Deuteronomy 26:1 – 29:8

Sometimes it seems that the fast-approaching High Holy Days come way too early. The waning days of summer are still warm and inviting, kids are just starting back to school, gardens still need tending and harvesting—who has time to focus on repentance and Judgment Day when our days here on earth are so full of life and activity? Who can engage wholeheartedly in an introspective process of soul-searching when everything around us lures us towards outward, life-affirming exuberance? It’s as if the Universe conspires to make it nearly impossible for us to be really present to the depth of inner work that the High Holy Days demand of us.

This week’s Torah portion brings this dichotomy into sharp focus. The text includes a series of blessings and curses, of great light and great shadow. Blessings and light will come if we engage in the spiritual work that God places before us; curses and darkness will befall us if we collapse into an unconscious way of life. However, despite this highly contrasted picture, a verse in the middle of the portion opens it up for a more nuanced interpretation:

If you listen—listen—to the voice of the Eternal One your God…. (Deut. 28:1)

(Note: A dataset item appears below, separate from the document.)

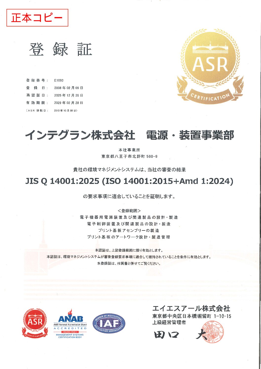 - 鉛フリー対応プリント基板実装、電源機器製造など、環境に与える影響を考慮した製品を提供します。
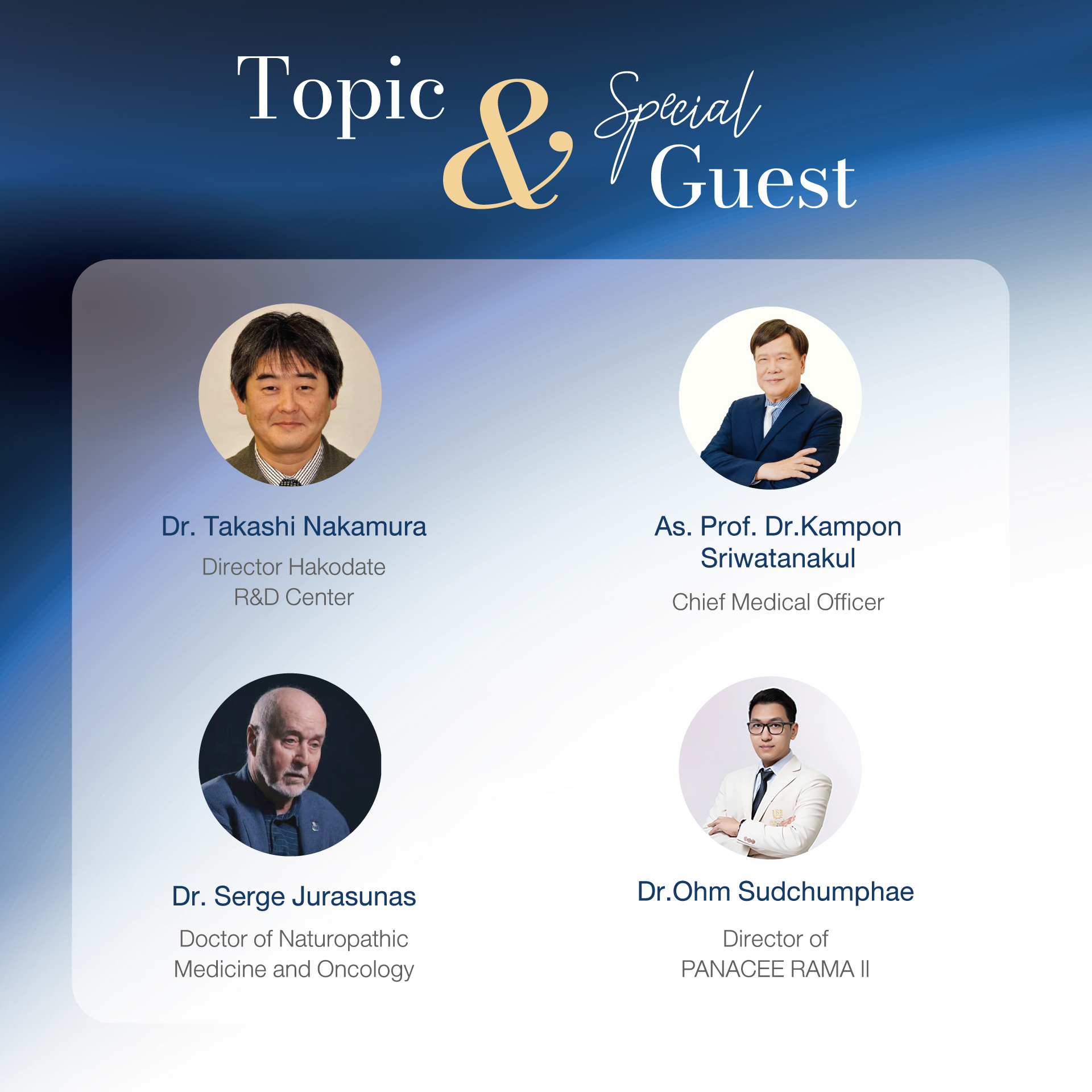 สำหรับการจัดการประชุมเชิงวิชาการระดับนานาชาติ ในครั้งนี้ มีหัวข้อสำคัญ ได้แก่ Asai Germanium As Non-toxic Cancer Treatment" โดย ดร. นากามูระ ทากาชิ ผู้อำนวยการศูนย์ R&D ฮาโกดาเตะ จากสถาบันวิจัยอาซาอิ เจอร์เมเนียม จำกัด"Clinical Experience Using Asai Germanium For Cancer Treatment" โดย Dr. Serge Jurasunas แพทยศาสตรบัณฑิต สาขาเวชศาสตร์ธรรมชาติและมะเร็งวิทยา และ "Immunology Therapy, iNKT" โดย ดร. ยาซูโอะ โคมูระ จาก Ringu Medical Center พร้อมบรรยายโดย รศ.ดร.นพ.กำพล ศรีวัฒนกุล ประธานเจ้าหน้าที่บริหาร สายงานการแพทย์ PANACEE BY BIOSKY

Our rabbis teach us that when a word is repeated in Torah, its meaning holds special significance. A writer in Midrash responds to this doubling of the word “listen” by stating, “Happy is the one whose listenings are to Me…” (Devarim Rabbah 7:2). In truth, God never stops speaking; it is we who are unprepared, unavailable, to receive and listen to the “voice of the Eternal.” We delineate times when we are to be “spiritual,” and we habitually go unconscious outside of these designated times. Our “listening” tends to happen only during what we define as “holy times.” And it is true that we perk up our ears at these intentional times of listening. Yet there is another type of listening to which we can learn to attune ourselves: the listening that reaches us during our most mundane moments. The Chasidic Rabbi Yehuda Leib taught that “everything… was created by God’s utterance and has the power of divine speech hidden within it. This is the hidden light that we are told to find.”

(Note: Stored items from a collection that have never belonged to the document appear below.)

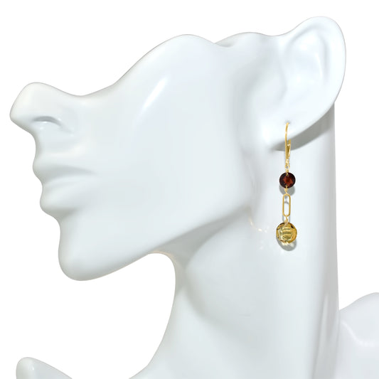 14k Garnet And Citrine Coin Dangle Leverback Earring
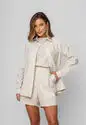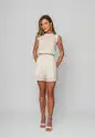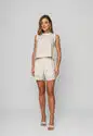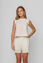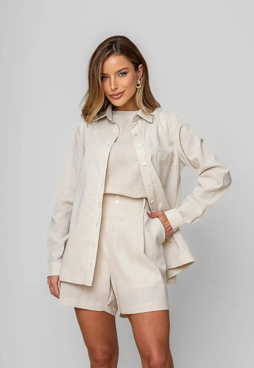 O short alfaiataria é a peça ideal para quem busca sofisticação aliada ao conforto.Confeccionado em tecido leve e encorpado, ele oferece um caimento impecável e um toque suave à pele.Sua modelagem de cintura alta valoriza a silhueta, enquanto as pregas frontais trazem movimento e um ar moderno ao visual.O design clássico é complementado por botões aparentes, além de passantes para cinto e bolsos laterais funcionais que garantem praticidade no dia a dia.Elástico na parte posterior do cós para melhor ajuste. Possui forro.Versátil e atemporal, o short transita facilmente entre produções casuais e elegantes, combinando perfeitamente com blusas, camisas ou tops. • Cintura alta com pregas frontais • Bolsos laterais funcionais • Passantes para cinto • Caimento estruturado e confortável • Possui forro Medidas da modelo: Altura 1,73cm | Busto 86cm | Cintura 67cm | Quadril 99cmModelo veste P.Composição: 70% Viscose, 30% Linho. Forro: 100% Poliéster.
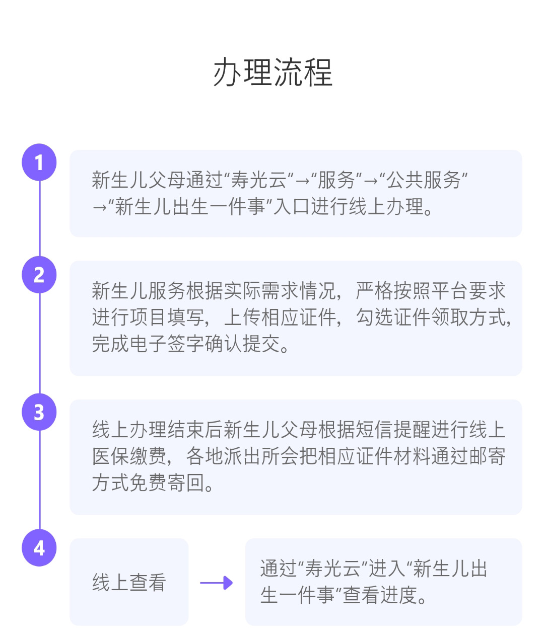 壽光市還推出“新生兒出生一件事掌上辦”服務(wù),充分利用移動互聯(lián)網(wǎng)、大數(shù)據(jù)等技術(shù),開發(fā)建設(shè)新生兒出生一件事便民應(yīng)用,統(tǒng)一使用“壽光云”APP作為統(tǒng)一入口,群眾僅需通過手機在“壽光云”設(shè)置“一件事”專欄里提報申請,按步驟操作即可辦理落戶、參保登記、參保繳費“一件事”。通過實施壽光市新生兒出生一件事一次辦好改革,讓群眾眼中繁瑣頭疼的“一件事”最快僅需2小時就能完成,所有證件辦理過程僅需1至2個工作日,全過程均免費,真正實現(xiàn)“讓數(shù)據(jù)多跑路,讓群眾不跑腿”。
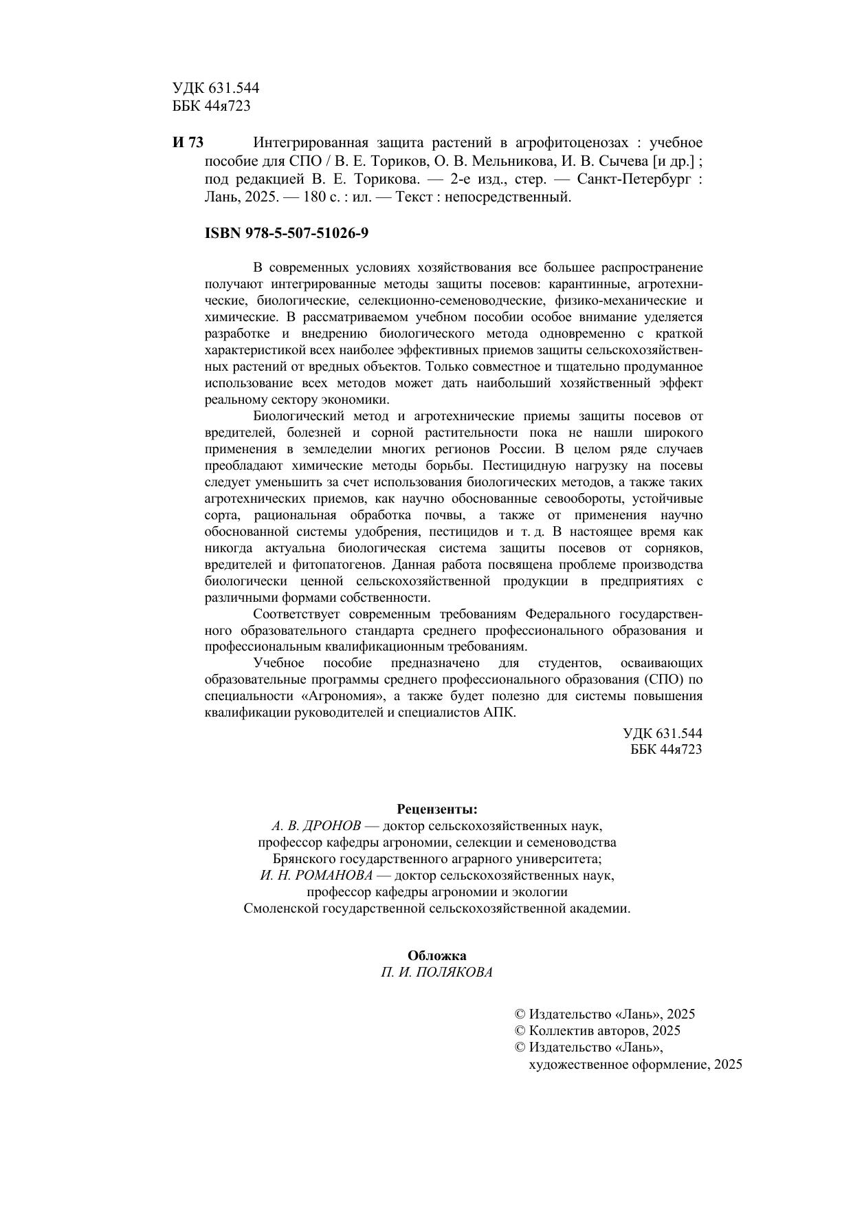 В современных условиях хозяйствования все большее распространение получают интегрированные методы защиты посевов: карантинные, агротехнические, биологические, селекционно-семеноводческие, физико-механические и химические. В рассматриваемом учебном пособии особое внимание уделяется разработке и внедрению биологического метода одновременно с краткой характеристикой всех наиболее эффективных приемов защиты сельскохозяйственных растений от вредных объектов. Только совместное и тщательно продуманное использование всех методов может дать наибольший хозяйственный эффект реальному сектору экономики. Биологический метод и агротехнические приемы защиты посевов от вредителей, болезней и сорной растительности пока не нашли широкого применения в земледелии многих регионов России. В целом ряде случаев преобладают химические методы борьбы. Пестицидную нагрузку на посевы следует уменьшить за счет использования биологических методов, а также таких агротехнических приемов, как научно обоснованные севообороты, устойчивые сорта, рациональная обработка почвы, а также от применения научно обоснованной системы удобрения, пестицидов и т. д. В настоящее время, как никогда актуальна биологическая система защиты посевов от сорняков, вредителей и фитопатогенов. Данная работа посвящена проблеме производства биологически ценной сельскохозяйственной продукции в предприятиях с различными формами собственности. Соответствует современным требованиям Федерального государственного образовательного стандарта среднего профессионального образования и профессиональным квалификационным требованиям. Учебное пособие предназначено для студентов, осваивающих образовательные программы среднего профессионального образования (СПО) по специальности «Агрономия», а также будет полезно для системы повышения квалификации руководителей и специалистов АПК.

God is talking to us at our end-of-summer barbecues, in the midst of the busy-ness of our lives, in every moment, in every conversation, through every emotion and every person. God is talking to us in those bright, late-summer days as we are basking in the blessings of our life, when it is so easy to go unconscious. God is calling us, time and again, to remember who we truly are: holy beings, the very expression of Divine Light itself; to remember, as well, that every moment is an expression of that Divine Light.

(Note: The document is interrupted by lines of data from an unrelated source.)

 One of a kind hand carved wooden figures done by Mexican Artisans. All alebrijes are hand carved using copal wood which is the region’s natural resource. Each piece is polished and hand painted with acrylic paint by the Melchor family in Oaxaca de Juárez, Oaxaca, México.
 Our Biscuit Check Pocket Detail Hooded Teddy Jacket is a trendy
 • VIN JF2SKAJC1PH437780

And so, maybe the fact that the High Holy Days sometimes come so early, when we are so busy with barbecues and back-to-school shopping, offers us an opportunity to explore the ways we tend to separate the holy from the mundane and to reclaim the holiness of every ordinary moment in our life. Perhaps our inner inventory in preparation for the High Holy Days could start with making a list of all our blessings, and progress to becoming more attentive listeners to the Divine Presence, to God’s voice as we partake of all the ordinary offerings of the season. When we become available to hear the voice of God permeating those ordinary moments, we truly open ourselves up to live a transformative extra-ordinary life. What better resolution could we make for the coming New Year?!